We recommend having roasted potato kale frittata once on your weekly menu. It’s an easy and instant healthy recipe. It won’t take more than 35 minutes to be served for breakfast.
Roasted Sweet Potato Kale Frittata Recipe by Eating Bird Food
Oftentimes we find that people tend to overcomplicate eating healthy thinking that they have to slave away in the kitchen, cooking up elaborate meals each day in order to eat nutritiously.
While we are certainly a huge advocate of cooking and eating more at home, and we try of keeping things simple.
The sweet potato kale frittata we are sharing today is a fun one!

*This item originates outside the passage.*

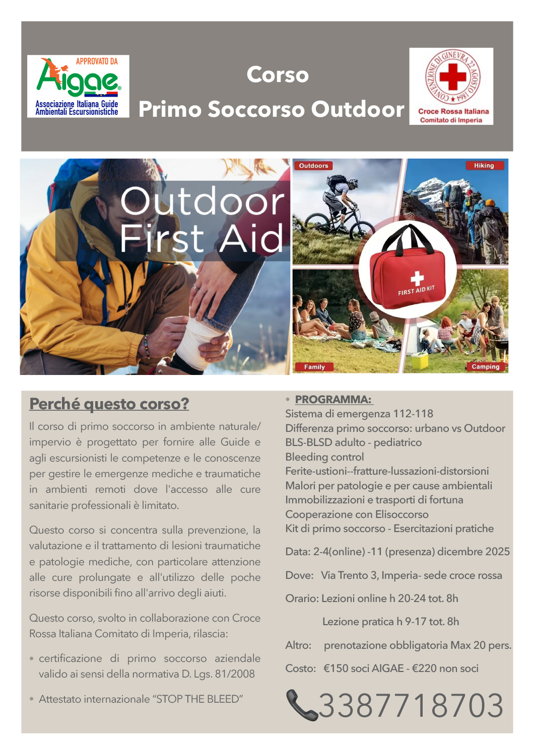 Corso di primo soccorso outdoor valdi per l’81/08 da svolgere sia online che in presenza

The combo of red onion, roasted sweet potatoes, dark leafy kale, and fresh thyme is delicious and we knew it would taste so good baked into a frittata with creamy goat cheese.
Sweet Potato Kale Frittata Ingredients
Here’s what you’ll need for this easy frittata:
- kale – any type of kale works! Just make sure you wash and de-stem the kale prior to chopping.
- sweet potatoes – if you want a shortcut you can buy pre-chopped potatoes.
- red onion and garlic clove – when in doubt, add onion and garlic! We love the savory flavor profile it brings to the dish.
- eggs – can’t make a frittata without eggs! We often get local eggs, but at the store we look for organic, pasture-raised eggs.
- fresh thyme – We love adding fresh herbs to egg bakes! If you’re in a pinch, you can also use dried herbs for added flavor.
- goat cheese – adds a delicious creamy texture, but this can be omitted to make the frittata dairy-free.
- avocado or oil – just a little bit for roasting the sweet potato.
- sea salt – to bring the entire dish together!
What Pan to Use for a Frittata?
Cast-iron skillets are great for baking frittatas (and lots of other things), but if you don’t have one, you can use any oven-safe skillet. Just note that if you use an oven-safe, stainless steel skillet, you’ll need to add extra oil to grease the pan to prevent sticking.
How to Serve Sweet Potato Kale Frittata
This frittata is deliciously served warm, but you can definitely save the leftovers and eat it cold or reheated the next day. We know some folks are weird about cold eggs, but Isaac and we actually loved eating it cold for breakfast the morning after we had it for dinner. The flavors are just so good!
How to Store Leftover Frittata
We love making a frittata in advance or as a meal train recipe. It stores and reheats beautifully! After cooking, allow the frittata to cool. After cooling, add to an airtight container and store in the refrigerator for up to five days.
Serving a frittata with your brunch spread? Here are some pairing suggestions:
- Banana Cottage Cheese Pancakes – can’t go wrong with pancakes at brunch! We love these protein-packed, chocolate chip pancakes.
- Easy Fruit Salad – you have to have fruit at brunch in my opinion!
- Vegan Blueberry Muffins – one of our favorite muffin recipes. Sure to be a crowd-pleaser!
- Apple Cider Mimosas – need a fun drink for bunch? Try these delicious apple cider mimosas!
Other recipes you might like to try: Keto Beef Empanadas, Easy Flourless Brownies Dairy Free, Chicken Tuscan Crockpot Recipe
Roasted Potato Kale Frittata
- 3 teaspoons avocado or olive oil, divided
- ½ cup red onion, sliced or chopped
- 1 clove garlic, minced
- 1½ cups de-stemmed kale, choppe
- 1 tablespoon resh thyme, plus more for topping
- ¼ teaspoon sea salt
- 2 ounces soft goat cheese
- 2 cups sweet potatoes, chopped into bite-size pieces
- hot sauce, for topping
- Preheat oven: Preheat the oven to 375ºF.
- Roast sweet potatoes: Spread chopped sweet potatoes on a baking sheet with 1 teaspoon of oil. Toss and then roast for about 20 minutes or until tender.
- Sauté veggies: In the meantime, melt remaining 2 teaspoons oil in an ovenproof skillet over medium heat. Add the onion and garlic and sauté until tender and golden, 8 to 10 minutes. Add the kale and thyme cook for another minute, until kale has just wilted. Remove from heat and add roasted sweet potatoes once they’re done.
- Beat eggs: Crack the eggs into a large bowl, add the salt and beat well with a fork.
- Add to skillet: Pour the beaten eggs into the skillet and use the fork to press the vegetables down into the egg mixture so that the eggs cover the veggies completely. Crumble the goat cheese over the top, then place the pan in the oven and bake until the center is set and lightly golden, 10 to 15 minutes.
- Serve: Cut into wedges and serve warm with a sprinkle of fresh thyme. We recommend adding a drizzle of hot sauce on top!
- Store: Frittata will keep in the fridge for up to 5 days.